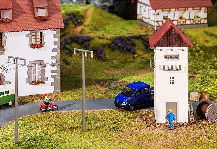 Maquette Faller représentant une tour rural avec une petite base carrée et un lambris sur le pignon, toiture en tuile et isolateurs latéraux pour la connexion de la ligne d'alimentation.
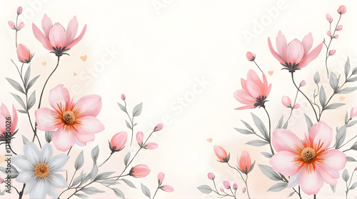 Fototapeta premium Floral Watercolor Border with Pink and Gray Flowers for Spring
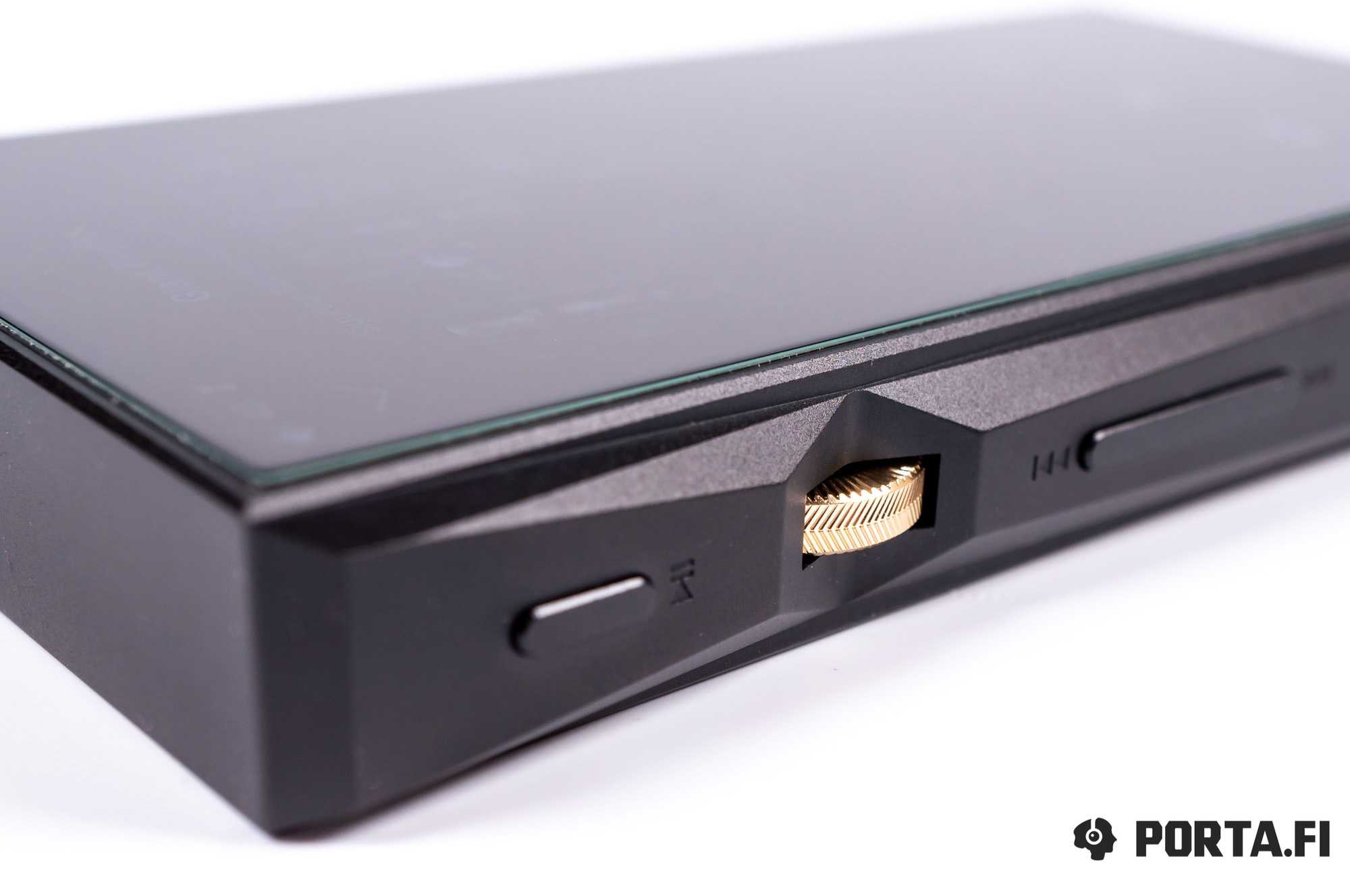 На левой стороне плеера размещён выступ с элементами управления, аналогичный X5-3 и X7-2, тут находятся колёсико громкости, качелька навигации по трекам (умеет и листать, и перематывать) и кнопка воспроизведения/паузы. Для регулятора громкости используется качественный энкодер, поэтому золотистое колёсико с угловой насечкой вращается с хорошо фиксирующимися щелчками, без проскакиваний и ложных срабатываний.
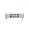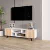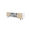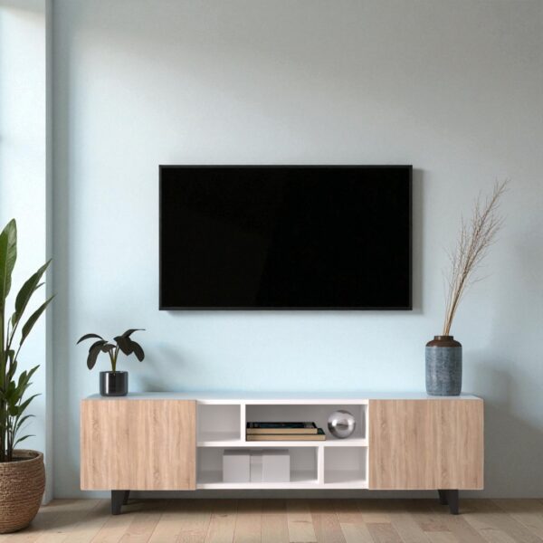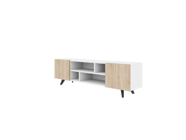 Модерна и функционална ТВ комода во бела / сонома боја, дизајнирана да внесе стил, практичност и уреден изглед во дневниот простор.
# # # #
* _Exercise objective_
Output an exact copy of the material, with the pictures removed.

* _Exercise answer_
 Maquette Faller représentant une tour rural avec une petite base carrée et un lambris sur le pignon, toiture en tuile et isolateurs latéraux pour la connexion de la ligne d'alimentation.
 Fototapeta premium Floral Watercolor Border with Pink and Gray Flowers for Spring
 На левой стороне плеера размещён выступ с элементами управления, аналогичный X5-3 и X7-2, тут находятся колёсико громкости, качелька навигации по трекам (умеет и листать, и перематывать) и кнопка воспроизведения/паузы. Для регулятора громкости используется качественный энкодер, поэтому золотистое колёсико с угловой насечкой вращается с хорошо фиксирующимися щелчками, без проскакиваний и ложных срабатываний.
 Модерна и функционална ТВ комода во бела / сонома боја, дизајнирана да внесе стил, практичност и уреден изглед во дневниот простор.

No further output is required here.